In this article, we illustrate discovery with models methods drawing on examples involving two constructs: gaming the system (Baker, 2007b; Baker, Corbett, & Koedinger, 2004; Baker & Gowda, 2010; Baker, Walonoski, et al., 2008; Muldner, Burleson, Van de Sande, & VanLehn, 2011) and carelessness (cf. Georges, 1929; McClure, 1929). Gaming the system is a student’s behavior aiming at succeeding in an educational task by systematically taking advantage of properties and regularities in the system used to complete that task, rather than by thinking through the material (e.g., by systematically guessing answers to obtain the correct response or repeatedly requesting hints until the software presents the answer; Baker et al., 2004). The second construct, carelessness, refers to incorrect answers given by a student on material that the student should be able to answer correctly (Newman, 1977). Careless errors are possibly the result of answering impulsively or with insufficient effort (cf. Rodríguez-Fornells & Maydeu-Olivares, 2000).
The application of discovery with models involves two main phases. First, a model of a construct is developed using machine learning or knowledge engineering techniques and is then validated, as discussed below.
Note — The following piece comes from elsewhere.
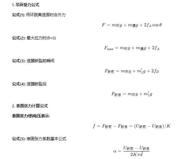 K為力敏傳感器靈敏度,通過定標來確定。吊環的內、外周長之和為π(d1 + d2),d1和d2為吊環的內、外直徑。用d? = (d1 + d2)/2表示其平均直徑,所以表面張力系數可表示為
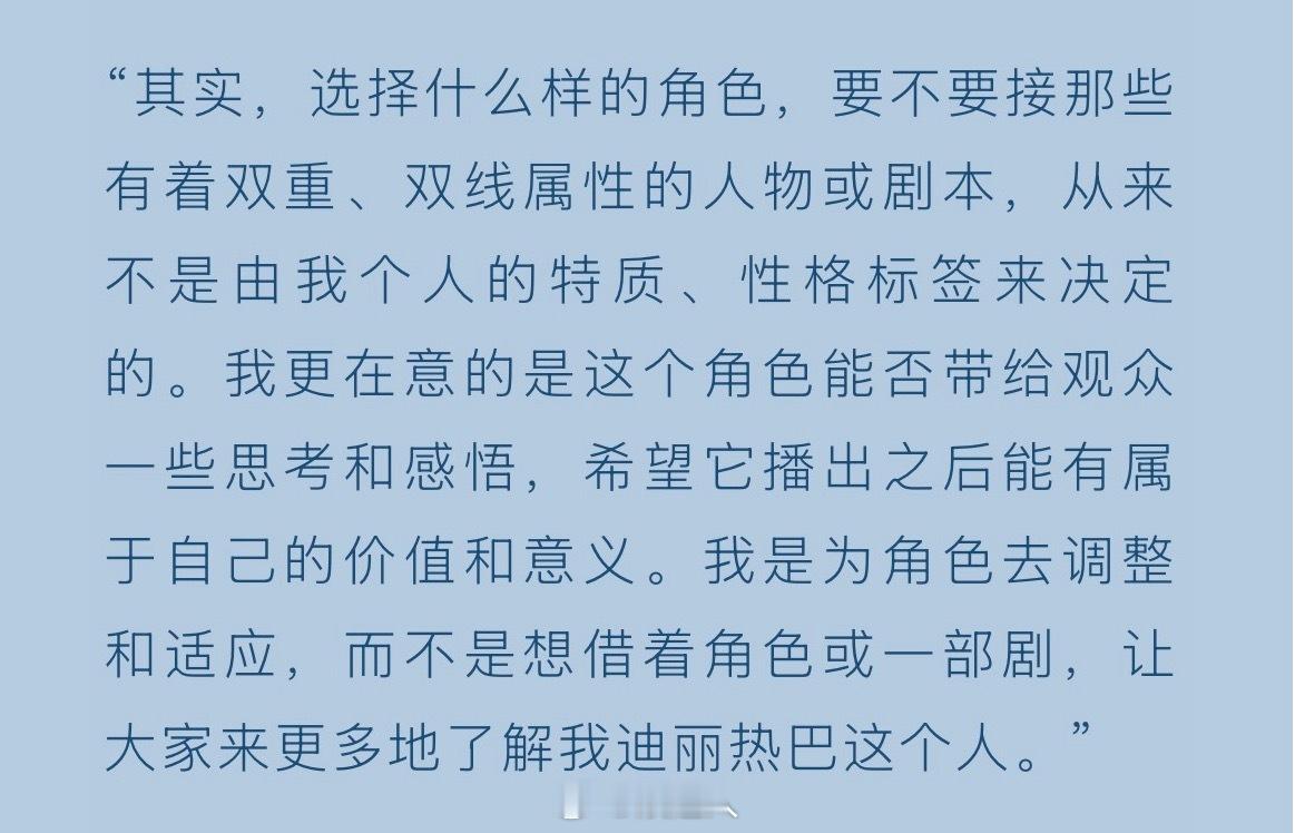 迪丽热巴谈接戏标准迪丽热巴希望角色都有自己的价值和意义 看到热巴在红秀采访里提到了她的接戏标准:“其实,选择什么样的角色,要不要接那些有着双重、双线属性的人物或剧本,从来不是由我个人的特质、性格标签来决定的。我更在意的是这个角色能否带给观众一些思考和感悟,希望它播出之后能有属于自己的价值和意义。我是为角色去调整和适应,而不是想借着角色或一部剧,让大家来更多地了解我迪丽热巴这个人。”迪丽热巴红秀油画公主大片

Second, this validated model is applied to data and used as a component in another analysis: for example, for identifying outliers through model predictions; examining which variables best predict the modeled construct; finding relationships between the construct and other variables using correlations, predictions, associations rules, causal relationships, or other methods; or studying the contexts where the construct occurs, including its prevalence across domains, systems, or populations. For example, in Baker, Walonoski, et al. (2008), data from a validated machine-learned model of gaming the system were applied to data from an online learning system and used in a correlational analysis, in combination with survey data, to determine which of a range of motivational and attitudinal variables were associated with gaming.
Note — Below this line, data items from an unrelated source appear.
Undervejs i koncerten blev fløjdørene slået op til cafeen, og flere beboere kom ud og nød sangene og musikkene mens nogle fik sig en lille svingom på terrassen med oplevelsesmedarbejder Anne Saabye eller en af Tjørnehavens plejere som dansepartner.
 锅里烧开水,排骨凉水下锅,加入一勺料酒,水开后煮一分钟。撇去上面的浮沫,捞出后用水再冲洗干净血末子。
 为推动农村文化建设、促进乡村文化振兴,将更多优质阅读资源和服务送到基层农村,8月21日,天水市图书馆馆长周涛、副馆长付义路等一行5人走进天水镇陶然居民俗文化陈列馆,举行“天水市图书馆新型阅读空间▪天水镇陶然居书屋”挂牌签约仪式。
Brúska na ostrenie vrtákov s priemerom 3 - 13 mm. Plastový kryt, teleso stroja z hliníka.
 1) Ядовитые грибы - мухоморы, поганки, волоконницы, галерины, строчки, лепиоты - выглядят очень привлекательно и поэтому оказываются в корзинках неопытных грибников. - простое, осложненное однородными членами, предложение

One essential question to pose prior to a discovery with model analysis is whether the model adopted is valid, both overall and for the specific situation in which it is being used. Ideally, a model should be validated using an approach such as cross validation, where the model is repeatedly trained on one portion of the data and tested on a different portion, with model predictions compared to appropriate external measures, for example, assessments made by humans with acceptably high interrater reliability, such as field observations of student behavior for gaming the system (cf. Baker et al., 2004; Baker, Corbett, Roll, & Koedinger, 2008), or future student performance. Validating using measures external to the model itself increases the confidence that the model is genuinely assessing what it was intended to measure. By testing generalizability to unseen data, one can ensure that a model will be usable in new contexts. When testing a model’s generalizability using an approach such as cross validation, it is important to divide the data into training and test folds at the appropriate level. For example, to ensure that a model can be validly applied to new students, the model should be cross-validated at the student level; for example, each student appears in either the training or the test set at a specific time. Even after validating in this fashion, validity should be reconsidered if the model is used for a substantially different population or context than was used when developing the model.
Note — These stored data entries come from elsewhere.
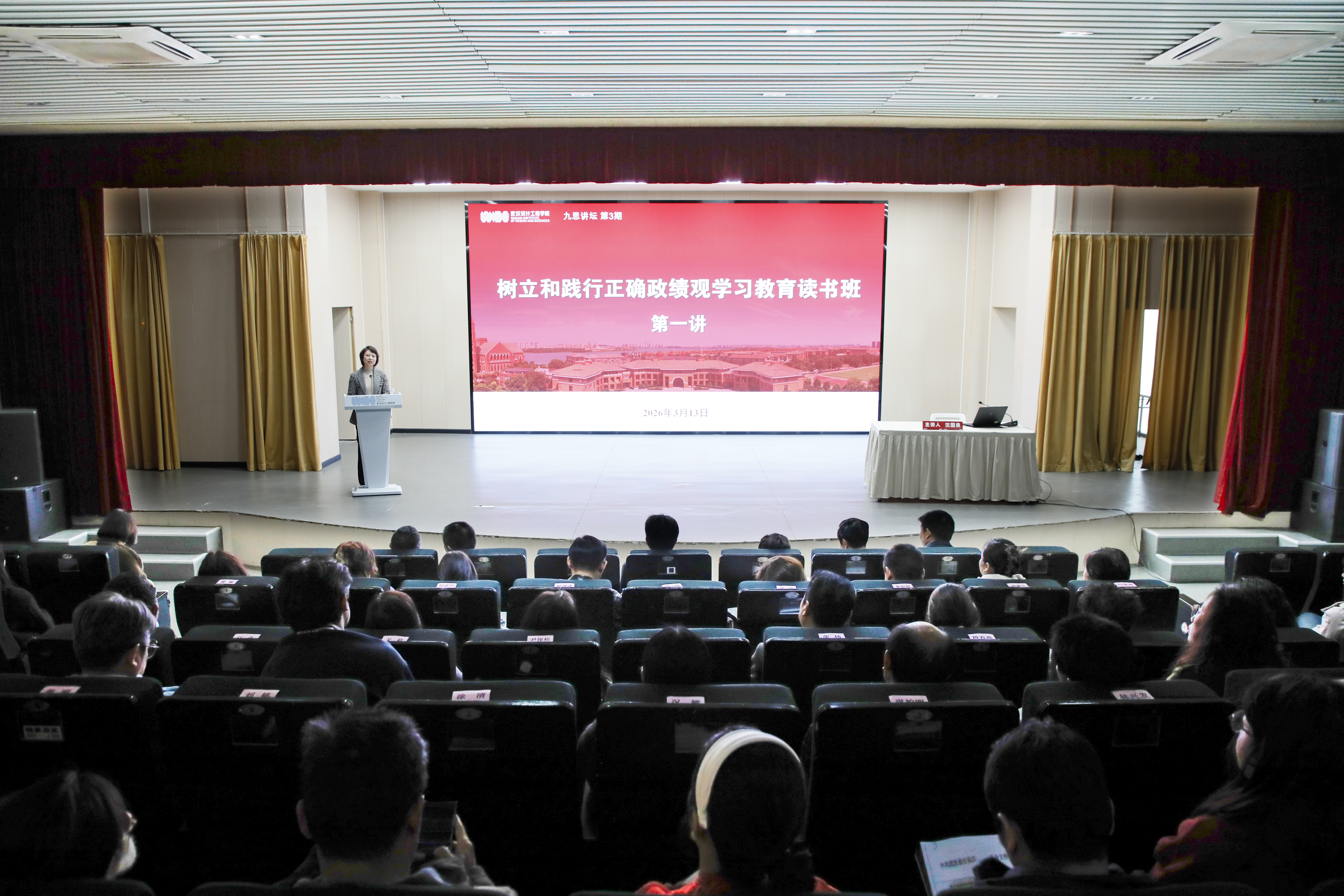 本网讯(记者 吴茹梖)3月13日,我校树立和践行正确政绩观学习教育读书班在咏归小礼堂开班,并举行第一次学习。董事长程凡、党委书记王长华,校长龚少平,副校长张丽娟、徐拥华、邱朝坤出席活动。学校教育教学关键要素改革小组常务副组长、高级科学顾问沈国良以《科技产业变革对教育体系的影响探讨》为题作报告。
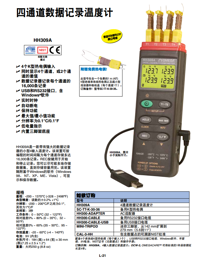 同時(shí)顯示4個(gè)通道,或2個(gè)通道的差值 數(shù)據(jù)記錄器記錄每個(gè)通道的16,000條記錄 USB和RS232接口,含Windows?軟件
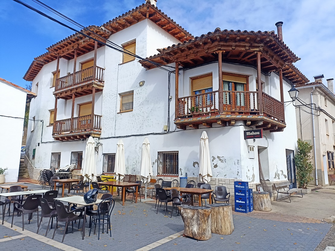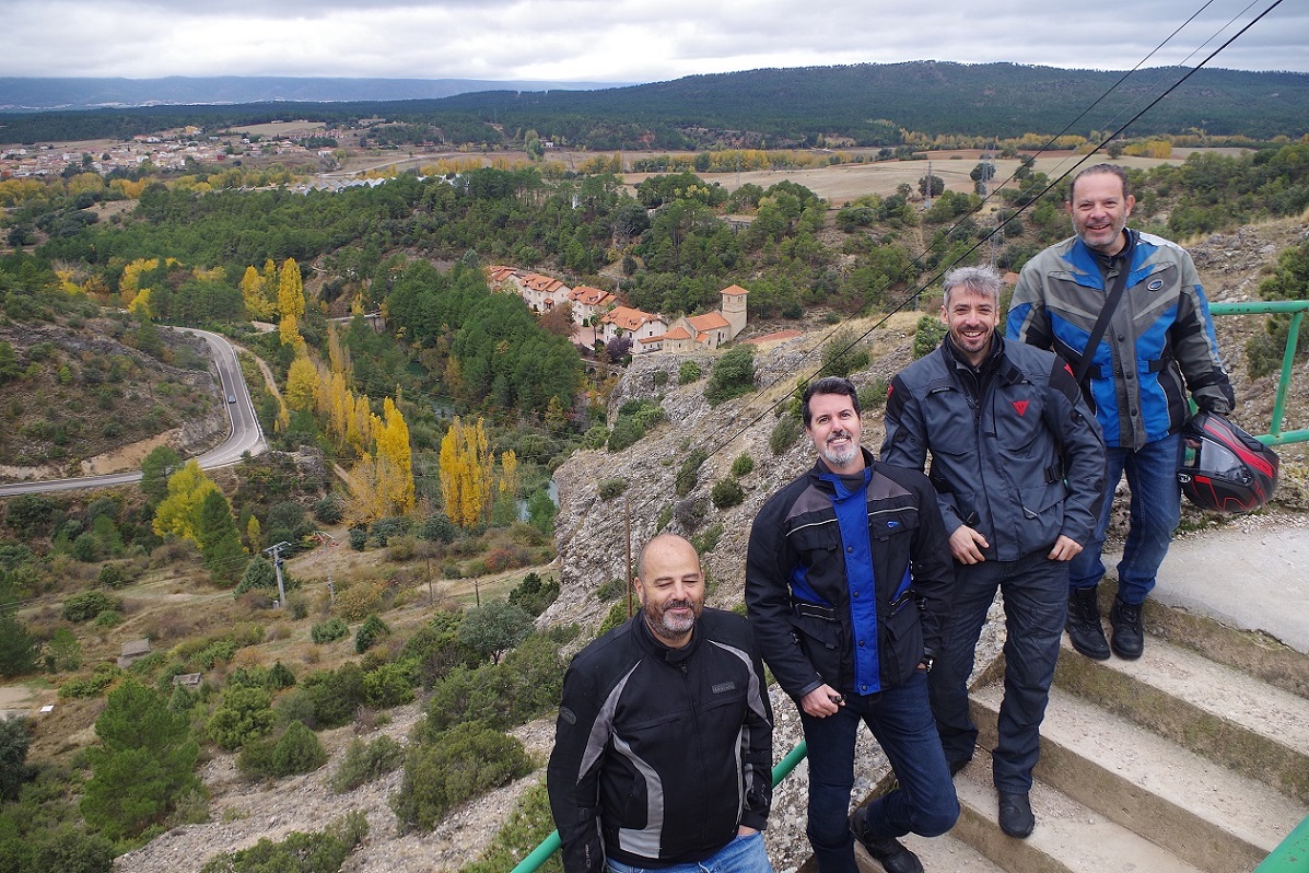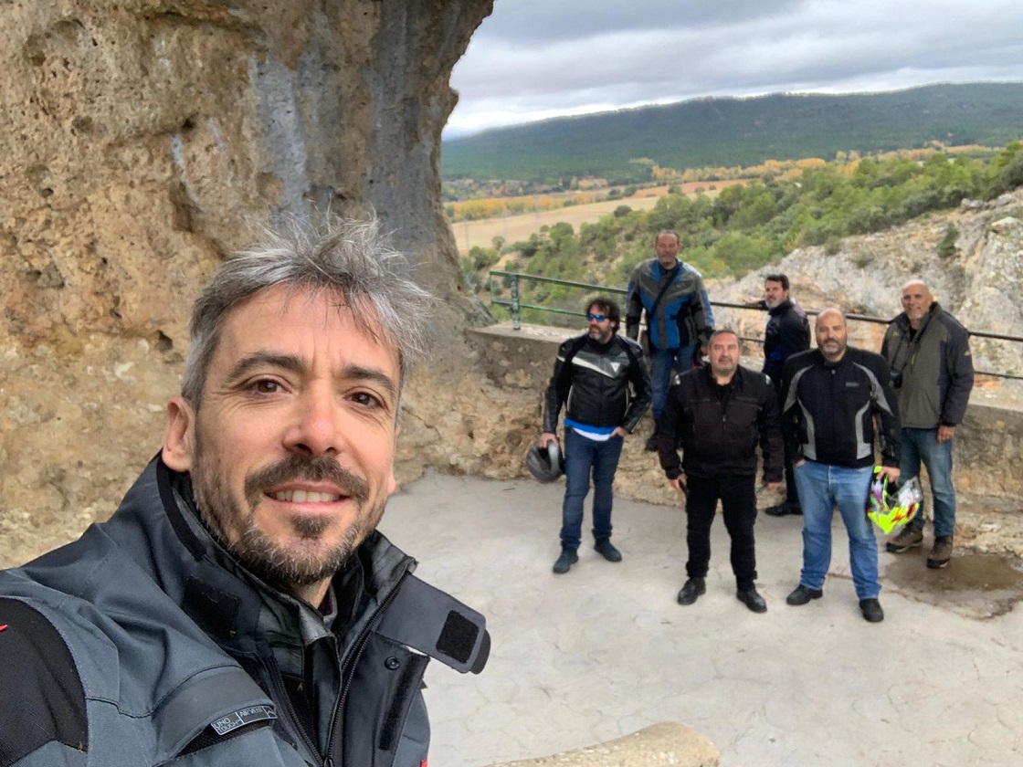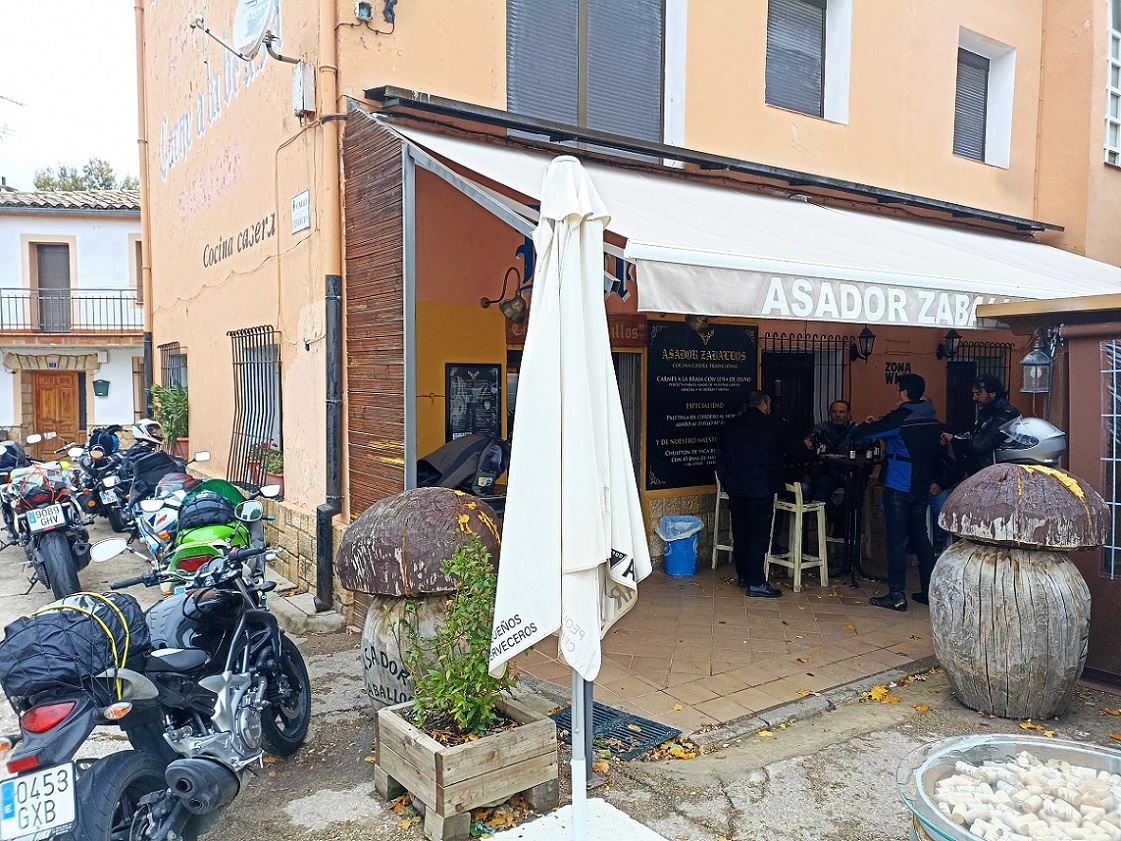 Desde aquí ya no volvió a llover más, incluso acabó saliendo el sol. Aun disfrutamos de unos km más de carretera de montaña hasta desembocar en la N-420 que va directa a Cuenca, ya a partir de ese momento la conducción se vuelve más aburrida. Hicimos otra parada más antes de llegar a Cuenca en Salinas del Manzano, que tiene un bar muy chulo justo al lado de la carretera, en una plaza donde se pueden dejar bien las motos.

An alternative approach is to use a simpler knowledge-engineered definition, rationally deriving a function or rule that is then applied to the data. In this case, the model can be inferred to have face validity. However, knowledge-engineered models often produce different results than do machine learning-based models, for example, in the case of gaming the system. Research studying whether student or content is a better predictor of gaming the system identified different results, depending on which model was applied (cf. Baker, 2007a; Gong, Beck, Heffernan, & Forbes-Summers, 2010; Muldner et al., 2011). Of course, knowledge-engineered and machine-learned models do not always disagree; for instance, both types of models have shown similar relationships between gaming and learning or motivation–attitude (Aleven et al., 2006; Baker, Walonoski, et al., 2008; Cocea, Hershkovitz, & Baker, 2009). When differences emerge, it is often because knowledge-engineered models and machine-learned models do not quite predict the same constructs: There is a trade-off between the knowledge-engineered models’ clarity and the machine learning models’ precise prediction, which is based on finding complex and unexpected relationships.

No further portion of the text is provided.